Department of Automation, Tsinghua University, Beijing, China.
Department of Automation, Tsinghua University, Beijing, China.
Neural Netw. 2020 May;125:205-213. doi: 10.1016/j.neunet.2020.02.010. Epub 2020 Feb 26.
Deep neural networks (DNNs) have been very successful for supervised learning. However, their high generalization performance often comes with the high cost of annotating data manually. Collecting low-quality labeled dataset is relatively cheap, e.g., using web search engines, while DNNs tend to overfit to corrupted labels easily. In this paper, we propose a collaborative learning (co-learning) approach to improve the robustness and generalization performance of DNNs on datasets with corrupted labels. This is achieved by designing a deep network with two separate branches, coupled with a relabeling mechanism. Co-learning could safely recover the true labels of most mislabeled samples, not only preventing the model from overfitting the noise, but also exploiting useful information from all the samples. Although being very simple, the proposed algorithm is able to achieve high generalization performance even a large portion of the labels are corrupted. Experiments show that co-learning consistently outperforms existing state-of-the-art methods on three widely used benchmark datasets.

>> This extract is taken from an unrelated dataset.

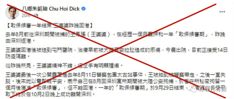 直到近日,由前反对派立法会议员朱凯迪的个人社交账号以及“毒果日报”的报道中才看到,原来这位“知名王婆”,去年8月中旬就被深圳公安以寻衅滋事罪刑拘,后取保候审满一年后,今年10月2日才返回香港。

深度神经网络(DNNs)在监督学习中取得了巨大的成功。然而,它们高度的泛化性能往往伴随着手动标注数据的高成本。收集低质量的标注数据集相对较便宜,例如使用网络搜索引擎,而 DNN 很容易对损坏的标签过度拟合。在本文中,我们提出了一种协同学习(co-learning)方法,以提高 DNN 在带有损坏标签的数据集上的鲁棒性和泛化性能。这是通过设计一个带有两个独立分支的深度网络,并结合一个重新标记机制来实现的。协同学习可以安全地恢复大多数误标记样本的真实标签,不仅防止模型对噪声过度拟合,还可以利用所有样本中的有用信息。虽然非常简单,但所提出的算法即使在很大一部分标签损坏的情况下,也能实现很高的泛化性能。实验表明,协同学习在三个广泛使用的基准数据集上始终优于现有的最先进方法。